▶ [Information shown]
------------------------------------

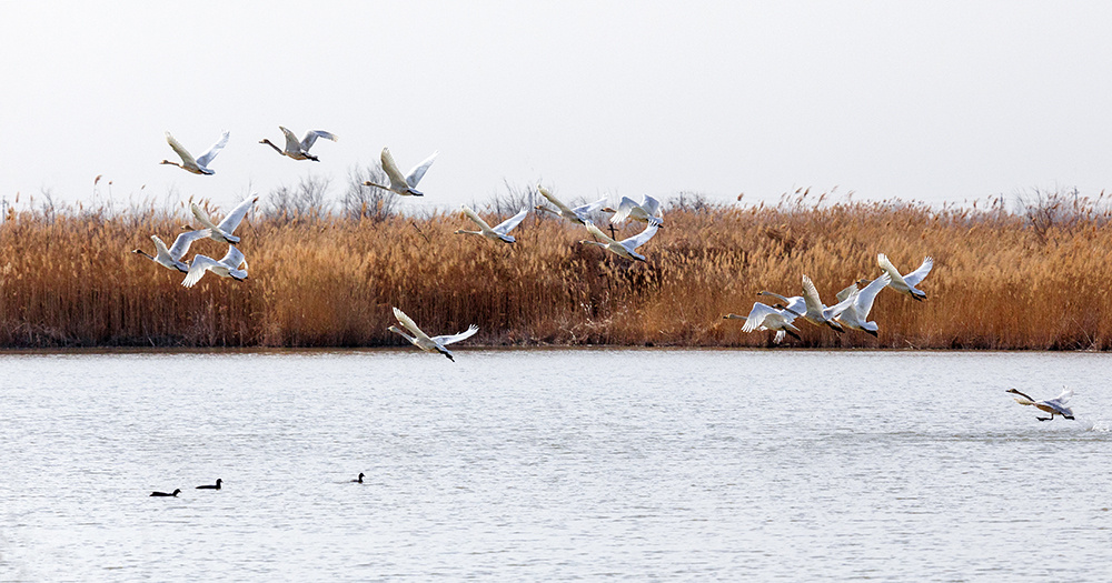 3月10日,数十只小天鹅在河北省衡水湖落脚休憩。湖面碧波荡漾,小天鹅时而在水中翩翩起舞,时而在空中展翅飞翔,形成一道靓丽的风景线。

------------------------------------

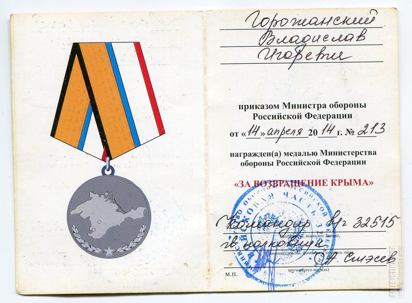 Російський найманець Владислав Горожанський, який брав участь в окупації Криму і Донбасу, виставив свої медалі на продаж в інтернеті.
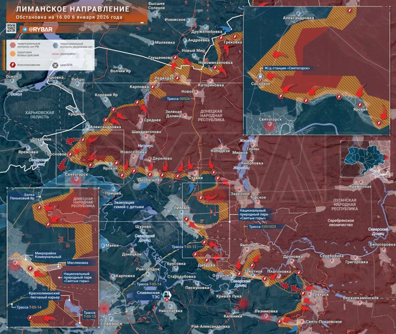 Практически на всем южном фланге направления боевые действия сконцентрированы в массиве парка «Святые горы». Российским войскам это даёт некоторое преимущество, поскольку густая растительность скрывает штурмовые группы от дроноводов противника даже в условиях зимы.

------------------------------------

▶ [Exercise brief] Exactly the lines starting at the one above with "Російський найманець Владислав" and ending at the one with "Практически на всем" should be printed, and nothing else. Omit the pictures.

▶ [Exercise output]
 Російський найманець Владислав Горожанський, який брав участь в окупації Криму і Донбасу, виставив свої медалі на продаж в інтернеті.
 Практически на всем южном фланге направления боевые действия сконцентрированы в массиве парка «Святые горы». Российским войскам это даёт некоторое преимущество, поскольку густая растительность скрывает штурмовые группы от дроноводов противника даже в условиях зимы.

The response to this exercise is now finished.